#### [DATASET EXTRACT]
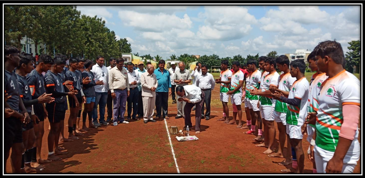
2. Kabaddi Boys Team Participation In Inter Colligate Competition.
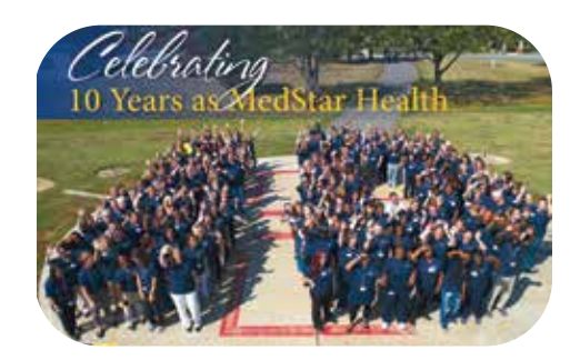
MedStar St. Mary's 10 year anniversary
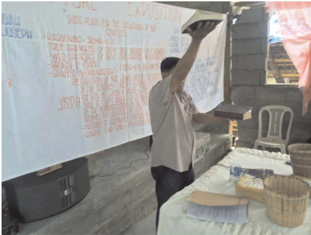
The Bible and the...
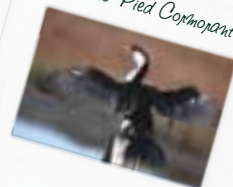
Little Pied Cormorant
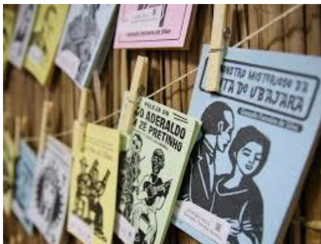
Figure 3. Chapbooks for sale in a traditional Centro de Tradições Nordestinas ( https://www.significados.com.br/literatura-de-cordel/ ). Access on November 9th, 2025.

In present times, as Amanda Muniz da Silva lectures, Cordel literature has achieved the technical possibilities of creation and diffusion disposed by Internet. Actually, adaptation to different media has always a major feature of Cordel literature and nowadays one can find sites, blogs, homepages devoted to chapbooks, which, therefore, acquires a digital format (Silva, 2023, pp. 42-43). Nonetheless, the main characteristics of traditional cordel have remained, like the duty to inform, teach, and amuse the public, displaying woodcut paintings, verses couched in popular language, being easy to understand and portraying facts and figures of everyday life, ranging from politics, religious topics, to folkloric tenors.
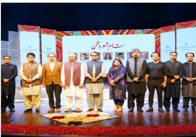
Participants of the 45th MCMC/38th SMC NIPA Islamabad arranged a mushaira
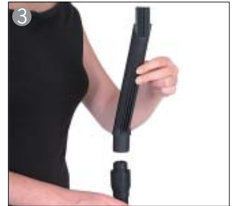
3 Attach top rail support
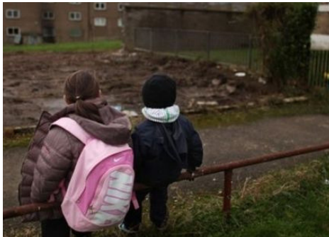
*Name has been changed to protect the identity of the individual
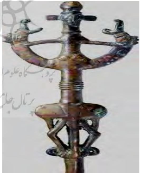
Fig 6. Idol « Master of animals », Bronze, Ages of the Iron II (1000-800/750 B.C.), Museum für Vor- und Frühgeschichte, Munich.
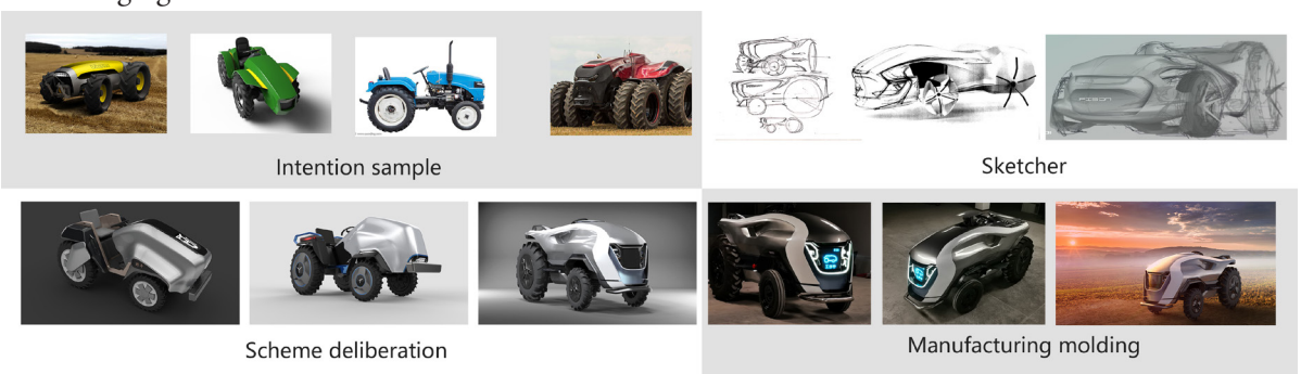
[Figure 3] Derivative diagram of tractor industrial design

To sum up, a new industrial design scheme of intelligent agricultural machinery has been developed, as shown in the following figure:
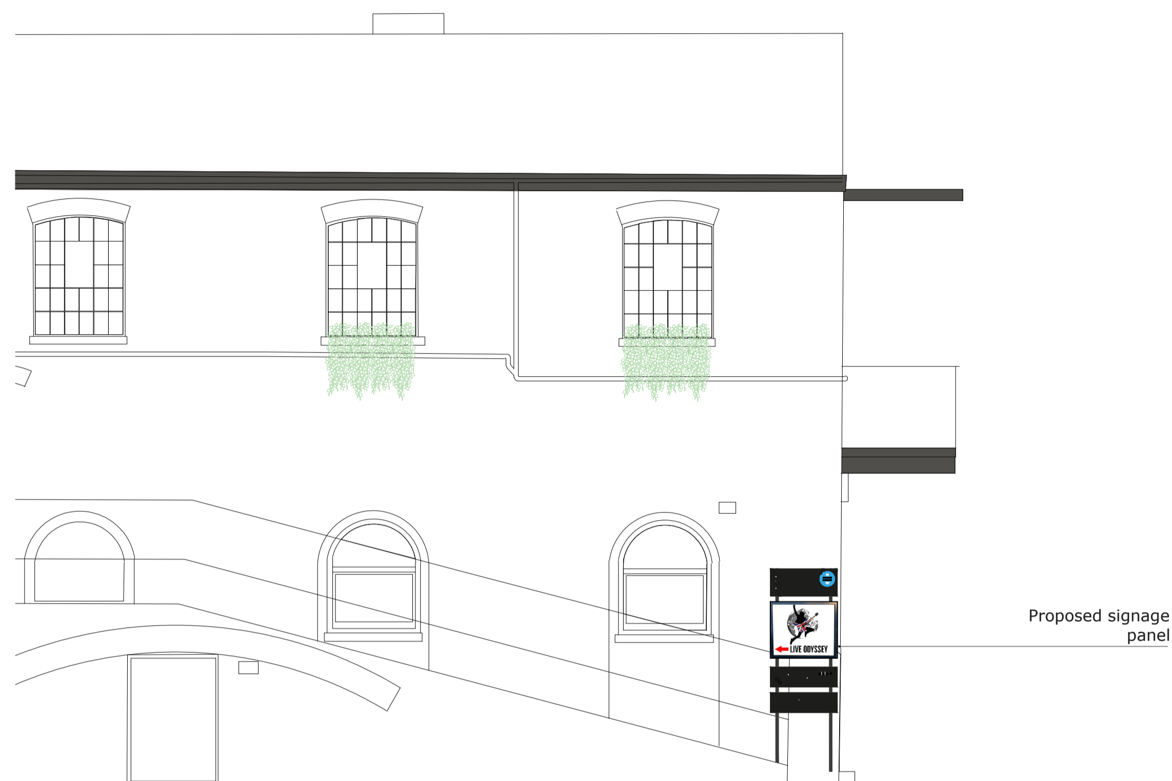
Proposed signage panel
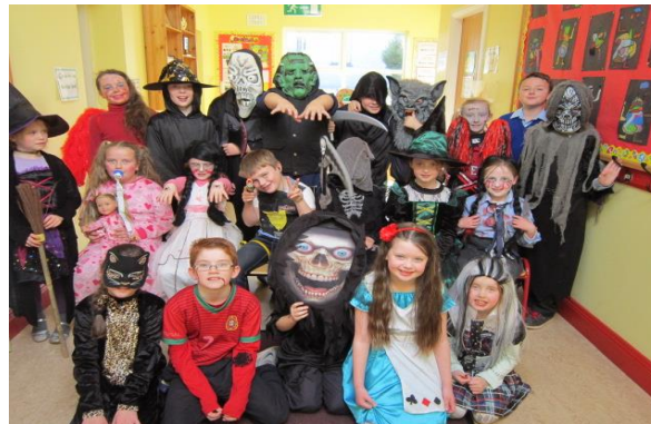
Halloween Costumes – 2 nd , 3 rd & 4 th
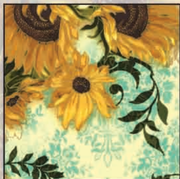
K7160 Sunflower Gold #150G
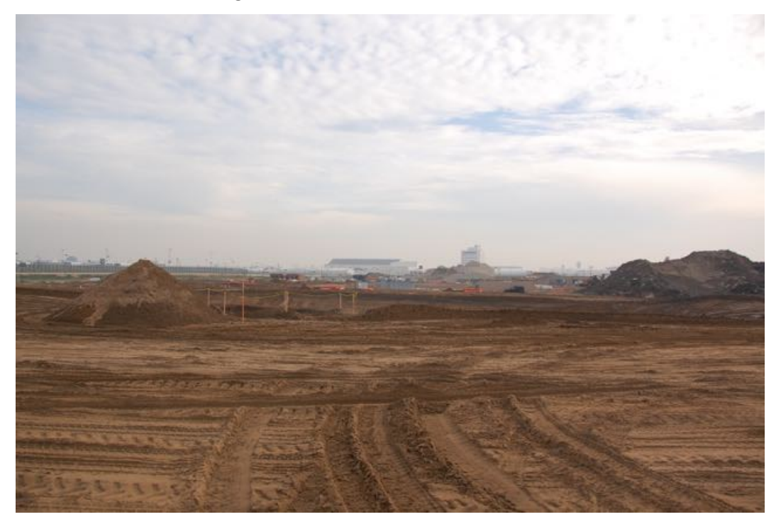
Figure 1.2.3-2: WAMA Construction Site
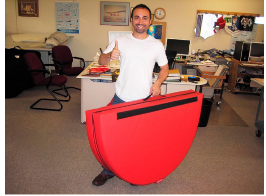
Boeing 737 FOD protection Intake Plug, folding type
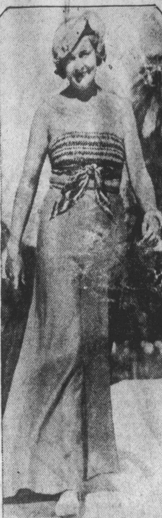
An unusual bodice and transparent trousers combine to make this beach ensemble a little different. Picture was made at Miami Beach, Fla.
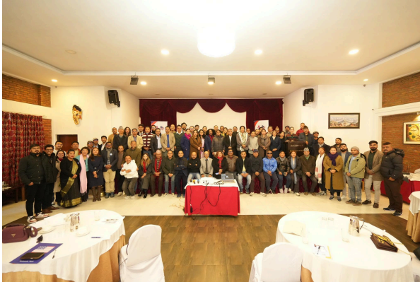
Group Photo from Sixth Annual General Meeting
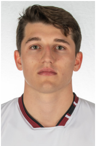
Parker League #22 - Senior
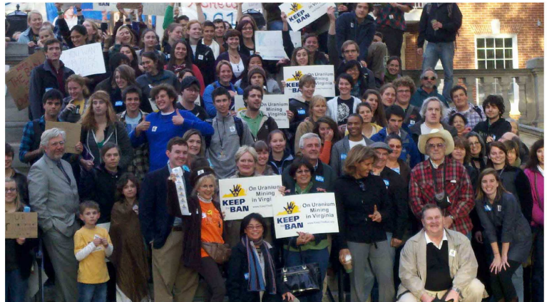
Keep The Ban Rally @ the University of Mary Washington
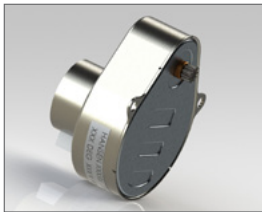
Series 125 Deep Pear Model

#### [EXERCISE GOAL]
The required answer is each line of the entries containing the string "industrial".

#### [EXERCISE RESPONSE]
[Figure 3] Derivative diagram of tractor industrial design
To sum up, a new industrial design scheme of intelligent agricultural machinery has been developed, as shown in the following figure:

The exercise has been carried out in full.